How then are we to judge between the three interpretations? The answer lies in content and context. Historical context is important: an understanding of ancient Jewish ideas about the afterlife would enable us to receive the parable's afterlife imagery as its original hearers and readers would have received it. As I have written previously, Outi Lehtipuu has done a lot of this historical legwork for us in her book, The Afterlife Imagery in Luke’s Story of the Rich Man and Lazarus. After a thorough survey of Second Temple Jewish literature, Lehtipuu concludes that Jesus' "description of the otherworldly conditions is believable according to the parameters of his cultural world."4 In this article, however, I want to consider another level of context: the Lukan literary context. If it can be shown that the afterlife scene in this parable is consistent with wider Lukan teaching, the logical conclusion will be that Luke wants his readers to take the parable's afterlife imagery seriously. There are two major themes or motifs from the Gospel of Luke that are reflected in the afterlife scene in this parable. One is the reversal of fortunes motif and the other is the eschatological5 banquet or eternal banquet motif.
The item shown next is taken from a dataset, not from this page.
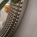 Круглое зеркало от итальянского бренда Fratelli Barri с эффектной рамой - имитацией бусинок разного диаметра.

Reversal of Fortunes in the Gospel of Luke

A major theme in Luke is that of reversal of fortunes.6 People's fates in this life will be reversed in the next. Perhaps the most succinct statements of this idea are in Luke 13:30 ("For behold, some are last who will be first, and some are first who will be last") and Luke 17:33 ("Whoever seeks to preserve his life will lose it, but whoever loses it will save it"; cf. 9:24). However, the classic Lukan statement of the reversal of fortunes is found in Luke 6:20-26, the Lukan version of the Beatitudes from the Sermon on the Plain:
20 And raising his eyes toward his disciples he said: “Blessed are you who are poor, for the kingdom of God is yours. 21 Blessed are you who are now hungry, for you will be satisfied. Blessed are you who are now weeping, for you will laugh. 22 Blessed are you when people hate you, and when they exclude and insult you, and denounce your name as evil on account of the Son of Man. 23 Rejoice and leap for joy on that day! Behold, your reward will be great in heaven. For their ancestors treated the prophets in the same way. 24 But woe to you who are rich, for you have received your consolation. 25 But woe to you who are filled now, for you will be hungry. Woe to you who laugh now, for you will grieve and weep. 26 Woe to you when all speak well of you, for their ancestors treated the false prophets in this way.
This passage differs from the more famous Matthaean Beatitudes (Matthew 5:3-12) in three significant ways. First, and most obviously, Matthew's text has only beatitudes (blessings), whereas Luke's also has woes that are the exact opposite of the corresponding beatitudes. Second, Luke's criteria for blessedness are physical (e.g., poor, hungry), while Matthew overtly spiritualises the criteria (e.g., poor in spirit, hunger and thirst for righteousness). Third, in Luke's case the relationship between the present state and future result is primarily that of reversal: the hungry will be filled (and vice versa), the weeping will laugh (and vice versa); in Matthew the reversal pattern is less obvious.7 Thus, a distinctive feature of Luke's moral and eschatological teaching is that those who enjoy the good life now will later have their fortunes reversed, and vice versa.8 If you read through the Gospel of Luke you will find numerous examples of this motif;9 but nowhere is it put more vividly on display than in the Parable of the Rich Man and Lazarus

The rich man is the quintessential addressee of the Four Woes of Luke 6:24-26. He was rich, wore expensive clothing, and "dined sumptuously every day." This statement implies the other three attributes: the rich man is "filled," "laughs," and "all speak well of him." Here I would refer the reader to my previous article which gave background on dining in the Roman world. The Roman banquet was indeed an opulent affair, as firsthand accounts such as those of Horace and Plutarch illustrate. There was course after course of fine food, wine aplenty, laughter and entertainment. The host was honoured and flattered by his guests and could expect an invitation to the next fine banquet (cf. Luke 14:12). The parable implies that the rich man moved in a social circle where he hosted or was hosted at such banquets daily. In the afterlife, however, the reversal of his fortune is complete. He who had it all has lost it all. His sensual pleasure has been traded for fiery torment, and he who banqueted daily now pleads, unsuccessfully, for a single drop of water!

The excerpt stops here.